The thinning of sea ice has meant it is not possible for the Iñupiat people of the region to hunt the bowhead whales, while the US government has warned that with less and less sea ice every year to protect the island, it could be washed away by powerful waves. Some have predicted Kivalina could be under water just 10 years from now.
“Global warming has caused us so much problems,” Joseph Swan, a Kivalina elder, told the Washington Post. “The ice does not freeze like it used to. It used to be like ten to eight feet thick, way out in the ocean.”
The issue has taken on the shape of an existential proportions, not just for the 400 or so residents Kivalina but for other similar communities in Alaska. And in the years ahead more and more coastal locations are likely to face the threat.
The cost of relocating the village, located 80 miles from the Arctic Circle, could be be as high as $100m.

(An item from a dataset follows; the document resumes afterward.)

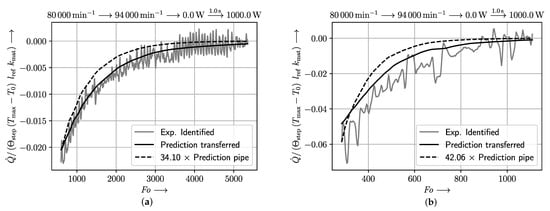 One experimentally-identified step response of the compressor’s non-dimensional transient heat flow is shown in Figure 12a. It features significant noise. This is attributed to the correction of the temperature readings, as described in Equation (24). In Figure 12a, the prediction of the original network, that represents the thermal transient of a pipe, is compared to the prediction of the transferred neural network. The prediction of the original network needs to be scaled to meet the range of the measured data. The scaling factor is displayed in the legend of Figure 12. However, the thermal transient of the compressor is slower due to the large thermal mass of the compressor’s impeller and its bladed diffuser. Hence, it is the step of transfer learning which improves the prediction by matching not only the measured range but also the time constant. This is visible by comparing the rise times of the two different predictions shown in Figure 12a.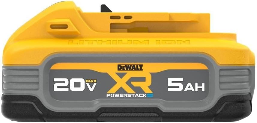 Our most powerful battery in its class, the 20V MAX* XR POWERSTACK 5.0 Ah Battery utilizes revolutionary pouch cell technology to deliver 50% more power, 50% more work per charge, and 2X the lifespan. Compatible with all DEWALT 20V MAX* tools and chargers, the XR POWERSTACK 5.0 Ah Battery features an impact-resistant, rubber overmolded base and includes 3-LED Fuel Gauge state of charge indicator.

Over the last 20 years or so, Alaska has emerged one of the places where the effects of climate change have been the most obvious and clearly on display. These include a reduction in sea ice, permafrost melting, roads buckling and forests being destroyed infestations of beetles because of a rise in temperatures.
Ten years ago, Hilary Clinton and John McCain went on a joint fact-finding tour of the region to look at the evidence of climate change and were shocked by what they saw.
“The question is how much damage will be done before we start taking concrete action,” Mr McCain said at a press conference in Anchorage. “Go up to places like we just came from. It's a little scary.”
Mrs Clinton added: “I don't think there’s any doubt left for anybody who actually looks at the science. There are still some holdouts, but they’re fighting a losing battle. The science is overwhelming.”
The report in the Washington Post said the plight of Kivalina had reached the ears of the US government. Last week, Sally Jewell became the first Secretary of State of the Interior to visit the town in its history.
“Your story will help the world understand what’s happening right here,” she said at a town meeting at Kivalina’s only school.
She added: “It will help us make the case for climate change in the US Congress. It will help us bring the kind of resources that we have to bring to bear for people like you, and for people in other parts of the world that live in coastal communities that are at high risk.”